Is avoiding people who have rubella an effective way to protect yourself?
Avoiding people who have rubella is not an effective way to stop yourself from catching the disease and passing it on to your unborn child (or your friends’ unborn children) because:
People are infectious before they develop the symptoms
Some people who catch rubella (and can then pass it on) do not develop any symptoms
Rubella is a rash disease and can appear, even to a GP, like other rash diseases. They only way to confirm a diagnosis is through laboratory tests, by which time it is too late…
Why are boys immunised against rubella?
The simple reason is that boys can pass on rubella to pregnant women. If they are not immunised they risk catching the disease and passing it on to their Mums and their friends’ Mums who may be pregnant.
Why is a mass vaccination schedule better than a selective one?

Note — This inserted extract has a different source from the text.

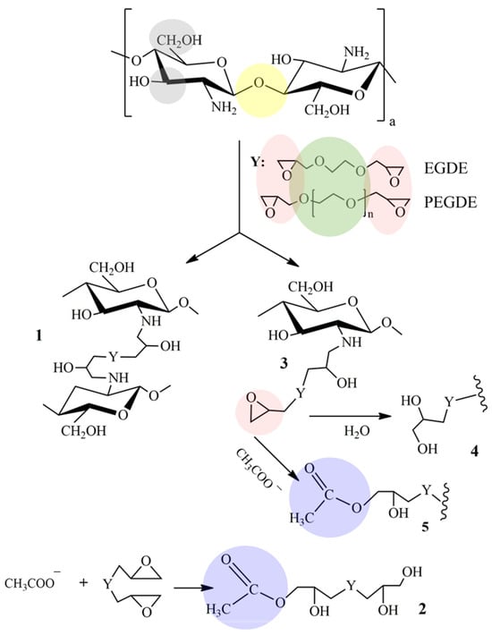 To explain the low efficiency of CH cross-linking with DEs in acetic acid solutions, we have considered the following factors: (i) decrease in amino group nucleophilicity due to protonation, when CH was dissolved at a stoichiometric excess of acid, as suggested in [22]; (ii) consumption of DEs in side reaction with acetic acid; (iii) dependence of epoxy ring-opening reactions kinetics and probability of target (cross-linking) reaction on DE chain length.

By immunising all children, as we have done in the UK since 1988 with MMR, you stop the disease circulating so it isn’t able to come into contact with pregnant women. Such immunisation strategies have eliminated rubella damage to unborn babies in the US and Finland. It has dramatically reduced such damage in the UK.
A selective strategy, e.g. just making sure pregnant women are vaccinated, still allows the disease to circulate and you risk the disease coming into contact with unvaccinated pregnant women. The few women who remained susceptible to rubella could still catch it from their own or their friends’ children.
Mass uptake is particularly important for children who are not able to be vaccinated, for example because they are having treatment for cancer or have received an organ transplant, meaning that their immune system is suppressed. In the decade before MMR was introduced, half of the measles deaths in the UK occurred in children with leukaemia and similar conditions.
Does the triple vaccine overload the immune system in any way?
Sense is not aware of any evidence to support the idea that the immune system is overloaded in anyway. In fact there is evidence to show that babies could respond to many vaccines at any one time, and that only a tiny percentage of a child’s immune system is used up for each vaccine.
Are single vaccines better than nothing?
No, they would risk a return to significant outbreaks of the three diseases. Sense would be very critical of any decision to introduce single vaccines on the NHS. Sense does not believe the NHS should offer second best, nor should it give a choice to families that it does not believe will be effective.
There is no evidence to support the suggestion that allowing single vaccines would lead to a greater uptake of MMR, and a real possibility that it would have the opposite effect. Single vaccines would be less effective than MMR and there is no evidence that they would be safer.
Is there any evidence linking MMR with bowel disease and autism?
Sense has taken advice on this. As a result we believe there is no evidence linking measles or measles vaccine to Crohns or bowel disease. There is a large body of evidence suggesting there is no causal link between MMR vaccines and autism, and there remain no studies to support the suggestion of a link. There is no peer reviewed, reproducible evidence of persistent measles virus in children with development disorder.